» **ASSIGNMENT**
Only the tail of the listing is wanted: the line containing "Gómez, F. J." and all after it, repeated exactly, pictures omitted.

» **COLLECTED DATA**
BEGIN

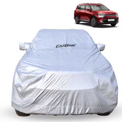 CARBINIC Waterproof Car Body Cover for KIA Carens 2022 | Dustproof, UV Proof Car Cover | Carens Car Accessories | Mirror Pockets & Antenna Triple Stitched | Double Layered Soft Cotton Lining, Silver
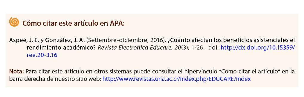 Gómez, F. J. (Agosto, 2014). El impacto de las becas escolares en el rendimiento académico de los alumnos de licenciatura de la UANL. Daena: International Journal of Good Conscience, 9(2), 1-11. Recuperado de http://www.spentamexico.org/v9-n2/A1.9(2)1-11.pdf
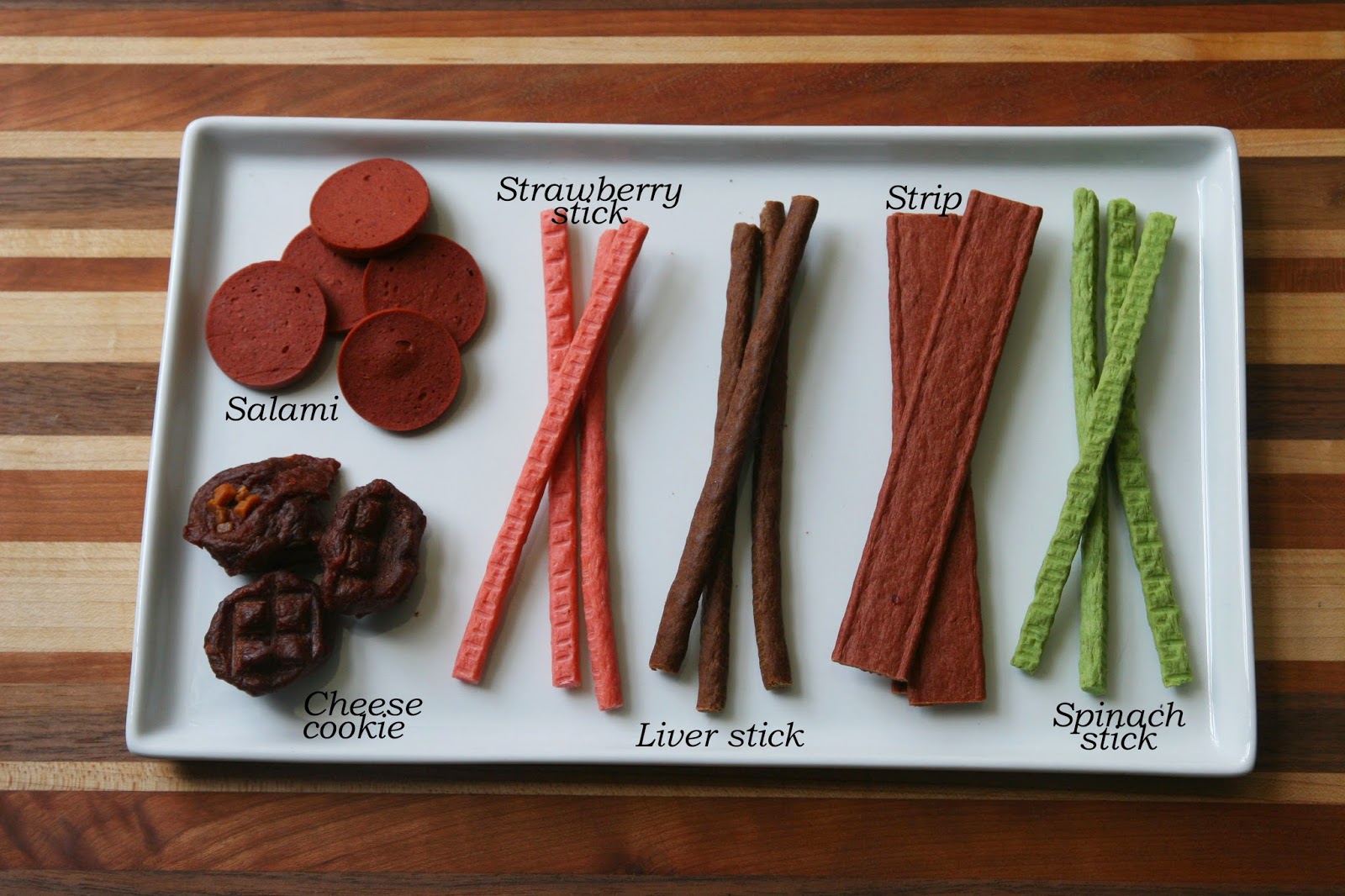 Although real chicken meat is the main ingredient in all of them, each treat is paired with a different ingredient (such as spinach, strawberry, cheese or chicken liver) to create a variety of flavours.

END

» **WRITTEN RESPONSE**
 Gómez, F. J. (Agosto, 2014). El impacto de las becas escolares en el rendimiento académico de los alumnos de licenciatura de la UANL. Daena: International Journal of Good Conscience, 9(2), 1-11. Recuperado de http://www.spentamexico.org/v9-n2/A1.9(2)1-11.pdf
 Although real chicken meat is the main ingredient in all of them, each treat is paired with a different ingredient (such as spinach, strawberry, cheese or chicken liver) to create a variety of flavours.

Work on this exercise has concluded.